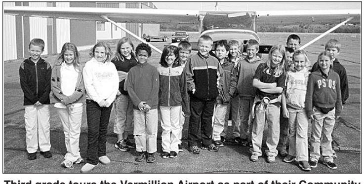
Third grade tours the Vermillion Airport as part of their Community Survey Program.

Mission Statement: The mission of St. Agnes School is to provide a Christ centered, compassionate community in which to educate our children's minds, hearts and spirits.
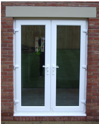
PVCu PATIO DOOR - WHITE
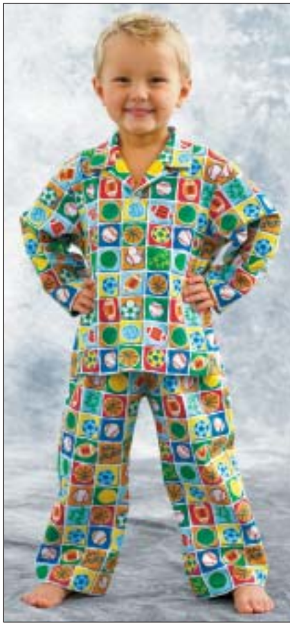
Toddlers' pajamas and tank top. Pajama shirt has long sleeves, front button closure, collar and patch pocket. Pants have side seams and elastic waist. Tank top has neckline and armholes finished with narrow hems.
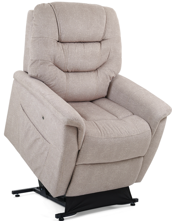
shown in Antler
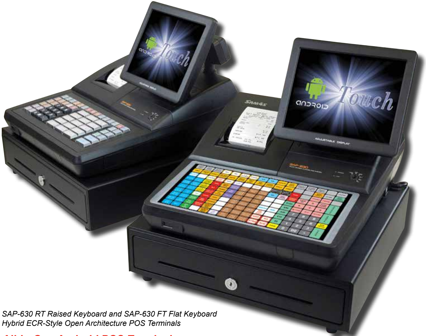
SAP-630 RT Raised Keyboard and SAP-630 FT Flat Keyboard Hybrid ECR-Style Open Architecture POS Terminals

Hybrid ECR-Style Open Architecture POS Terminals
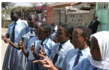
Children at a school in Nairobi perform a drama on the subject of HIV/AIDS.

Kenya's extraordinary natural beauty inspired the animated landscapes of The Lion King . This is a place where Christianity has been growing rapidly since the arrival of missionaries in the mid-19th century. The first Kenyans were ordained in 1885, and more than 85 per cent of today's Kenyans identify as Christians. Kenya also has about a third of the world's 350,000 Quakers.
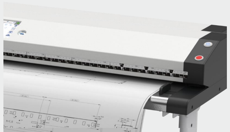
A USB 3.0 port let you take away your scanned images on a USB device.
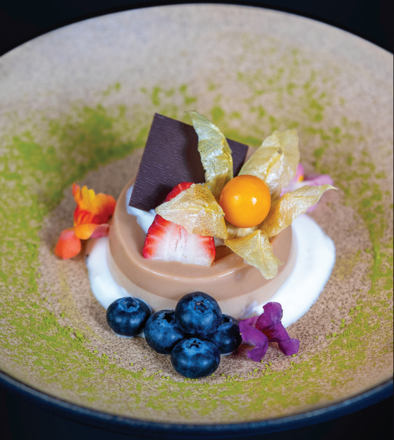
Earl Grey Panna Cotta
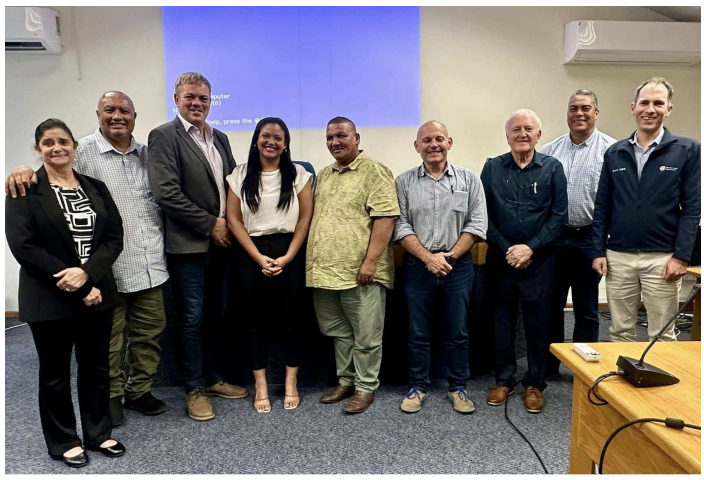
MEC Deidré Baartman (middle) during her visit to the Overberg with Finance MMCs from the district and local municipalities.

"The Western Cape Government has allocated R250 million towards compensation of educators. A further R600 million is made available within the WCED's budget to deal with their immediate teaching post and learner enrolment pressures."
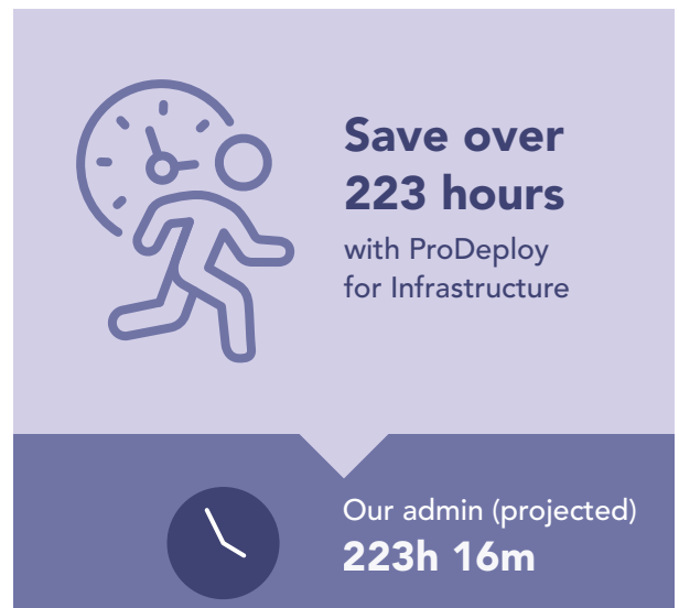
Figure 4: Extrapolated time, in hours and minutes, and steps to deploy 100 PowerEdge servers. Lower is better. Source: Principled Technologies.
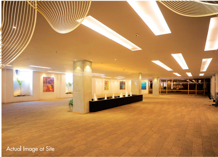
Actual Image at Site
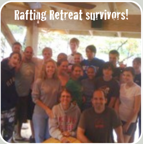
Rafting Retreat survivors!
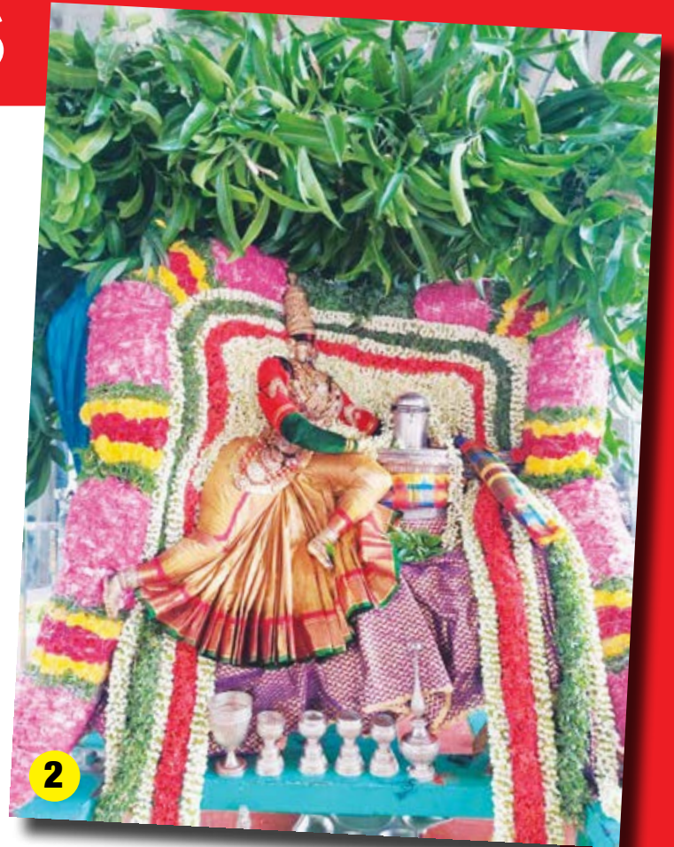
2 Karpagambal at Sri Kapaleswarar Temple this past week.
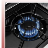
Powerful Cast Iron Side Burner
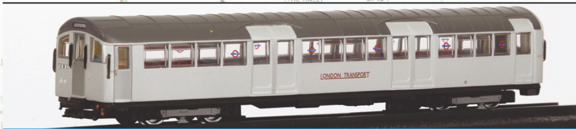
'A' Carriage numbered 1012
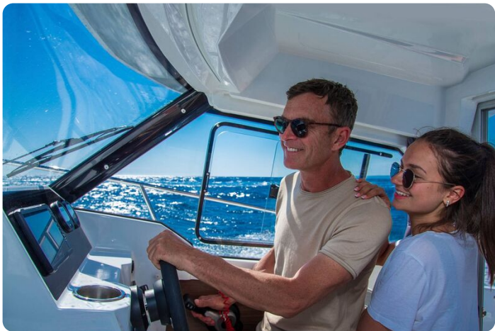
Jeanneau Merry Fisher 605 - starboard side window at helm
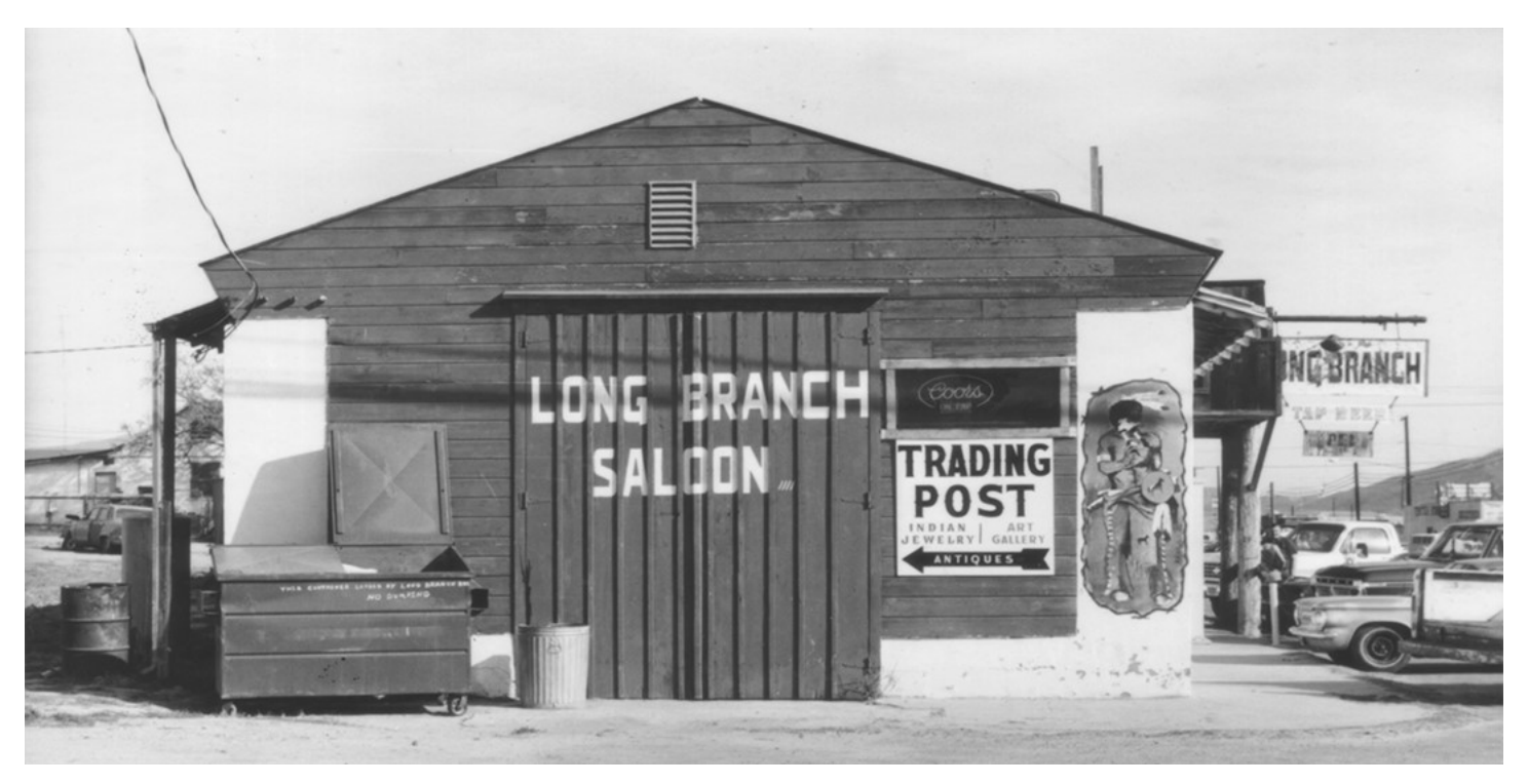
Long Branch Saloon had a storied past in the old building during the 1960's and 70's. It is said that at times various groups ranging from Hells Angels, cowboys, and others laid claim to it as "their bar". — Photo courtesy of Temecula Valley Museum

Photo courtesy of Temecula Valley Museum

■ ■ ■

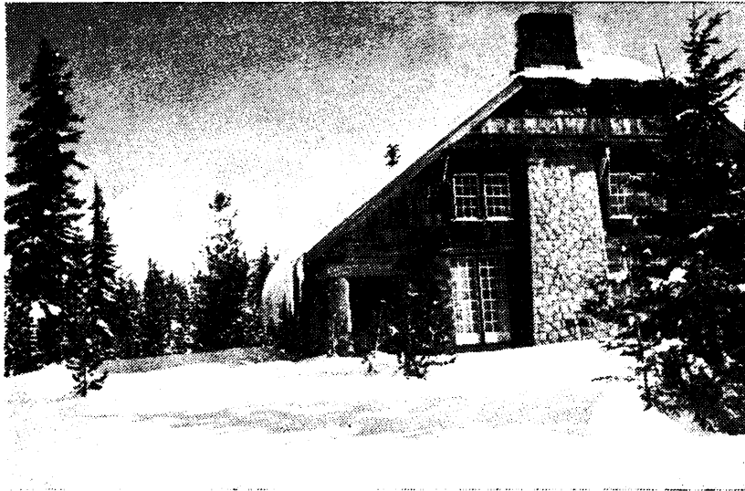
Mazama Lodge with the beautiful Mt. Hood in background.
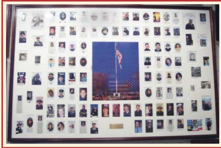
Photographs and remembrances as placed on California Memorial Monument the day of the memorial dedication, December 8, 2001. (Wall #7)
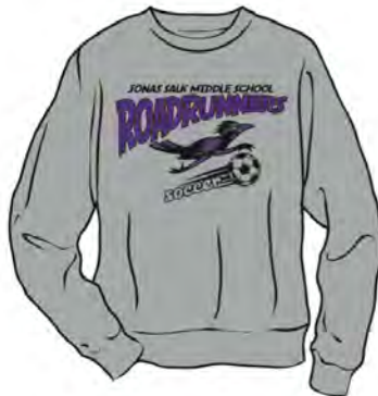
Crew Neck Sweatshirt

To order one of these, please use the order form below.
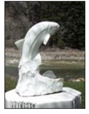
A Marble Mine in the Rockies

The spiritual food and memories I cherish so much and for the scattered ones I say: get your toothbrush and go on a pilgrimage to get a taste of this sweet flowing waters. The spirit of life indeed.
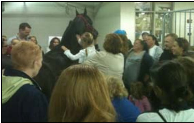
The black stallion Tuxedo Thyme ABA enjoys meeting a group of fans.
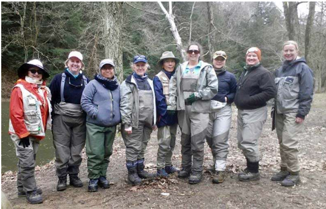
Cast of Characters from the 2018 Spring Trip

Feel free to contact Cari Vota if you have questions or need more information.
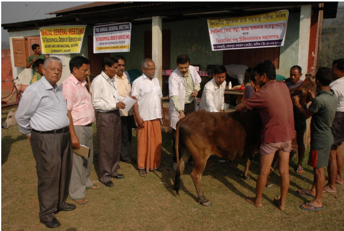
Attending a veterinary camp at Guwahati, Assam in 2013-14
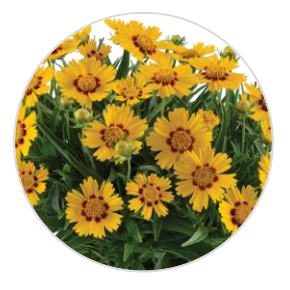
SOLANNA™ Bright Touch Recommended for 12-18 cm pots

■ ■ ■

◆ Activity
Using the records above, print exactly the run of lines that starts with the line with "Photographs and remembrances" and goes on through the line with "The spiritual food", pictures excluded.

◆ Written reply
Photographs and remembrances as placed on California Memorial Monument the day of the memorial dedication, December 8, 2001. (Wall #7)
Crew Neck Sweatshirt

To order one of these, please use the order form below.
A Marble Mine in the Rockies

The spiritual food and memories I cherish so much and for the scattered ones I say: get your toothbrush and go on a pilgrimage to get a taste of this sweet flowing waters. The spirit of life indeed.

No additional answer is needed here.